4. En troisième lieu, pour refuser la délivrance du titre de séjour sollicité, le préfet de l'Hérault s'est notamment fondé sur la circonstance que M. B n'établissait pas être dans l'impossibilité de regagner son pays d'origine où il avait vécu la majeure partie de sa vie, le temps nécessaire à la mise en œuvre du regroupement familial par son épouse en sa faveur. Le préfet s'est ainsi borné à relever que dans le cas où M. B retournerait en Albanie il serait susceptible de bénéficier, à la demande de son épouse, du regroupement familial. Ce faisant il n'a ni méconnu les dispositions de l'article L. 434-2 du code de l'entrée et du séjour des étrangers et du droit d'asile selon lesquelles : " L'étranger qui séjourne régulièrement en France depuis au moins dix-huit mois, sous couvert d'un des titres d'une durée de validité d'au moins un an prévus par le présent code ou par des conventions internationales, peut demander à bénéficier de son droit à être rejoint, au titre du regroupement familial : 1° Par son conjoint, si ce dernier est âgé d'au moins dix-huit ans ; 2° Et par les enfants du couple mineurs de dix-huit ans. ", ni commis d'erreur de droit. La circonstance alléguée par M. B qu'à la date de son entrée régulière sur le territoire français en 2015 il n'était pas encore marié et n'entrait donc pas dans le champ de ces dispositions est sans incidence, dès lors que le préfet a apprécié sa situation non pas à la date de sa venue en France mais à la date de l'arrêté en litige.
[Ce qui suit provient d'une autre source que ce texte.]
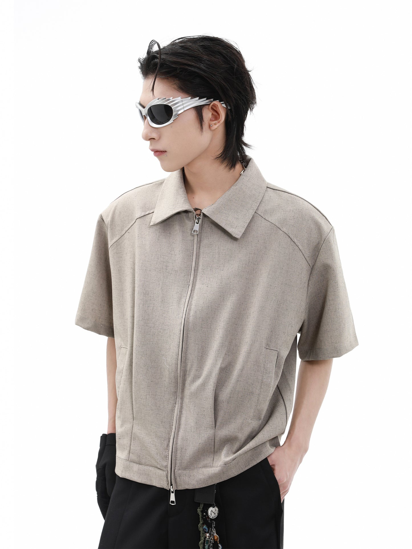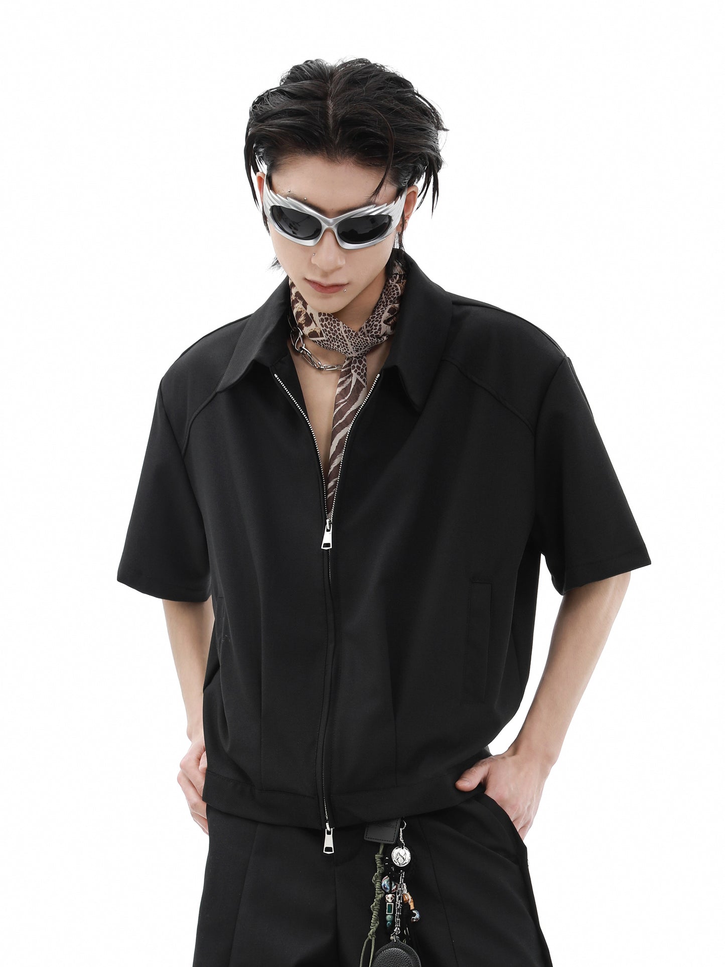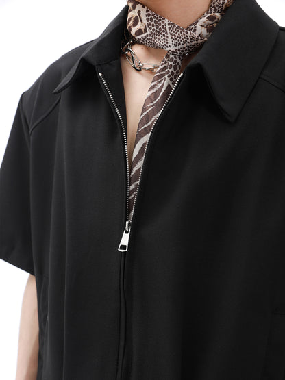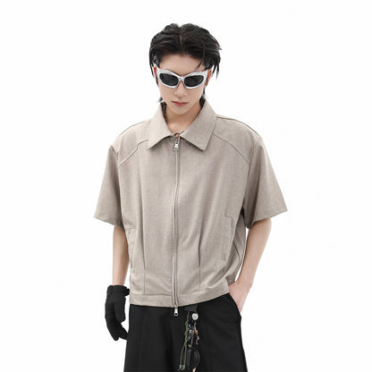 Double Zipper Short Sleeve Shirt Jacket WN15679

Est tout aussi inopérante la circonstance qu'eu égard aux faibles ressources de son épouse, qui perçoit l'aide au retour à l'emploi, la demande de regroupement familial présentée par cette dernière serait en tout état de cause assurément rejetée, dès lors que le préfet, lorsqu'il statue sur une demande de regroupement familial, n'est pas tenu, par les dispositions de l'article L. 434-2 précité, de rejeter cette demande dans le cas où le demandeur ne justifie pas de ressources suffisantes.
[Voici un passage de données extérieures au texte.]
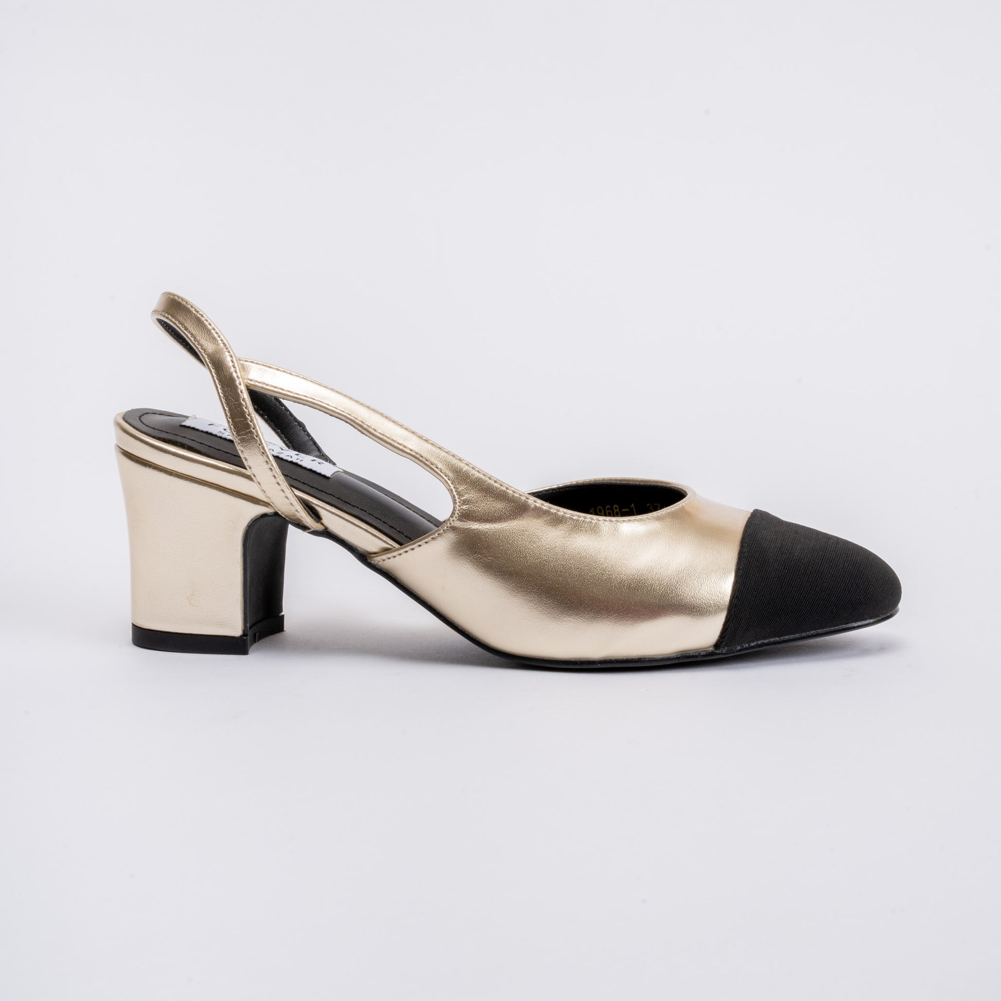 Product Details Material: PU(Polyurethane) USP: Kitten Heels Closure Type: Slingback Colour: Black & Gold Heel Height: 6.0 cm Occasion: Party Wear Shoe Sole: Synthetic Sheet Sole |

5. En quatrième lieu, aux termes de l'article 8 de la convention européenne de sauvegarde des droits de l'homme et des libertés fondamentales : " 1- Toute personne a droit au respect de sa vie privée et familiale, de son domicile et de sa correspondance. 2- Il ne peut y avoir ingérence d'une autorité publique dans l'exercice de ce droit que pour autant que cette ingérence est prévue par la loi et qu'elle constitue une mesure qui, dans une société démocratique, est nécessaire à la sécurité nationale, à la sûreté publique, au bien-être économique du pays, à la défense de l'ordre et à la prévention des infractions pénales, à la protection de la santé ou de la morale, ou à la protection des droits et libertés d'autrui ". Aux termes de l'article L. 423-23 du code de l'entrée et du séjour des étrangers et du droit d'asile : " L'étranger qui n'entre pas dans les catégories prévues aux articles L. 423-1, L. 423-7, L. 423-14, L. 423-15, L. 423-21 et L. 423-22 ou dans celles qui ouvrent droit au regroupement familial, et qui dispose de liens personnels et familiaux en France tels que le refus d'autoriser son séjour porterait à son droit au respect de sa vie privée et familiale une atteinte disproportionnée au regard des motifs du refus, se voit délivrer une carte de séjour temporaire portant la mention " vie privée et familiale " d'une durée d'un an, sans que soit opposable la condition prévue à l'article L. 412-1. / Les liens mentionnés au premier alinéa sont appréciés notamment au regard de leur intensité, de leur ancienneté et de leur stabilité, des conditions d'existence de l'étranger, de son insertion dans la société française ainsi que de la nature de ses liens avec sa famille restée dans son pays d'origine. / L'insertion de l'étranger dans la société française est évaluée en tenant compte notamment de sa connaissance des valeurs de la République. ".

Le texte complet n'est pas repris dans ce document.